Cleanup Panoramio files needing categoriesEdit

There are lots of files located in the child categories Category:Photos from Panoramio needing categories by date. Many of these have been categorized, so they need to be moved out of these categories. Ideally this should be done by the person doing the categorization, but for whatever reason people haven't been doing that step. Thus, it would be nice to have a bot remove the files from these child categories if they actually are categorized (criterion: at least one category that isn't hidden) on an ongoing basis. Thanks. howcheng {chat} 18:22, 23 August 2017 (UTC)

I am trying to do the task. --Kanashimi (talk) 15:06, 31 August 2017 (UTC)
I will start the long-term task in few days. --Kanashimi (talk) 22:36, 29 September 2017 (UTC)

@Kanashimi, Howcheng: The criterion "at least one category that isn't hidden" should be replaced with a more complicated criterion. E.g. Category:Photographs taken on 2017-03-28 is not hidden (and should not be hidden) but an image categorized just in such one category should be dealed as uncategorized image. The bot process needs to be tracked and manually checked. --ŠJů (talk) 20:55, 2 October 2017 (UTC)
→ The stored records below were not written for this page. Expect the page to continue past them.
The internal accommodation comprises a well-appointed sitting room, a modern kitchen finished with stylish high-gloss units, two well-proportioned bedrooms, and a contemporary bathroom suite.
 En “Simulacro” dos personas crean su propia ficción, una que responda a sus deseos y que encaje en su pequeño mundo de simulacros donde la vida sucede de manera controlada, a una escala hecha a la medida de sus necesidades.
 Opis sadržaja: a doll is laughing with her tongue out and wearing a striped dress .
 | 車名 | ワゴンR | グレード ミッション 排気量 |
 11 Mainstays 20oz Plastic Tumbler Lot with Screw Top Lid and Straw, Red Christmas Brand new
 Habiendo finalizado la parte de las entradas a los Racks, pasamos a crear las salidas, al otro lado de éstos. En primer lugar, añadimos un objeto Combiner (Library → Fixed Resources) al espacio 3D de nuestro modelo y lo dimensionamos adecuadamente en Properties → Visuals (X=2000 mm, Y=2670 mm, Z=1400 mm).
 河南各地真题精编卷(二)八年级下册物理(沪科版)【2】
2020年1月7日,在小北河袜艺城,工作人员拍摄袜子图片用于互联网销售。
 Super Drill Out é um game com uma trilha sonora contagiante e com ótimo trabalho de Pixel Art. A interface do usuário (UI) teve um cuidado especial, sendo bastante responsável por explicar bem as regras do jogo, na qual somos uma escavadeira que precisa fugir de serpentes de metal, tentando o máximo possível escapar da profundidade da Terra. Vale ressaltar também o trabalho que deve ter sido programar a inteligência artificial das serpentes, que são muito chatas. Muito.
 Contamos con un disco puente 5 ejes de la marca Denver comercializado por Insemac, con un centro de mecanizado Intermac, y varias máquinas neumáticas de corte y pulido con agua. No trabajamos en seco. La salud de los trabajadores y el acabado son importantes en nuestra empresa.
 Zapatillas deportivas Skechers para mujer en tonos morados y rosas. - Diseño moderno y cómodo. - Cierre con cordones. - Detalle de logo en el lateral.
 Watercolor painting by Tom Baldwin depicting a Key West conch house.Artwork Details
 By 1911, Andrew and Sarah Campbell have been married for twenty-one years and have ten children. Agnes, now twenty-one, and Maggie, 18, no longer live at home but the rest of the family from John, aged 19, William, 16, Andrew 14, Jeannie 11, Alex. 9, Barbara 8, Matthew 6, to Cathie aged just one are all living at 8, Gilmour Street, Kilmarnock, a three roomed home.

Please mark all direct subcategories of Category:Photos from Panoramio needing categories by date as {{Hiddencat}}, just as subcategories of Category:Photos from Panoramio needing categories by ID are marked. --ŠJů (talk) 20:55, 2 October 2017 (UTC)

@ŠJů: You are right. I am now getting the contents and checking hidden categories via expandtemplates; it is more precisely. About marking Category:Photos from Panoramio needing categories by date, I am coding now. Please wait for several days. --Kanashimi (talk) 00:24, 4 October 2017 (UTC)

ReviewerEdit

Hello.Why there are no other bots review files from other websites such as Flickr?I suggest creating similar bots for other websites.For example: to review images from Pixabay.This will saves humans a lot of time.I think it is possible to apply the FlickreviewR method with most sites.Some images in addition to videos will remain for humans.Thank you ديفيد عادل وهبة خليل 2 (talk) 19:14, 20 September 2017 (UTC)

HTTPS link upgrade for Geograph Britain and IrelandEdit

About 4% of all images on Commons are from the Geograph Britain and Ireland project. There are therefore a large number of links to geograph.org.uk on image description pages. That website now supports TLS, so links can be upgraded from http:// to https://, surely an ideal task for a bot to work its way through slowly. An example page would be File:Bretforton_post_office_-_geograph.org.uk_-_803570.jpg, which includes a link to both the photo and the author profile page on geograph.org.uk. These URLs fit the form http://www.geograph.org.uk/photo/[0-9]+ and http://www.geograph.org.uk/profile/[0-9]+ respectively and simple addition of an 's' in the protocol part accomplishes the change. Is anyone interested in taking this on? Beorhtwulf (talk) 23:38, 20 September 2017 (UTC)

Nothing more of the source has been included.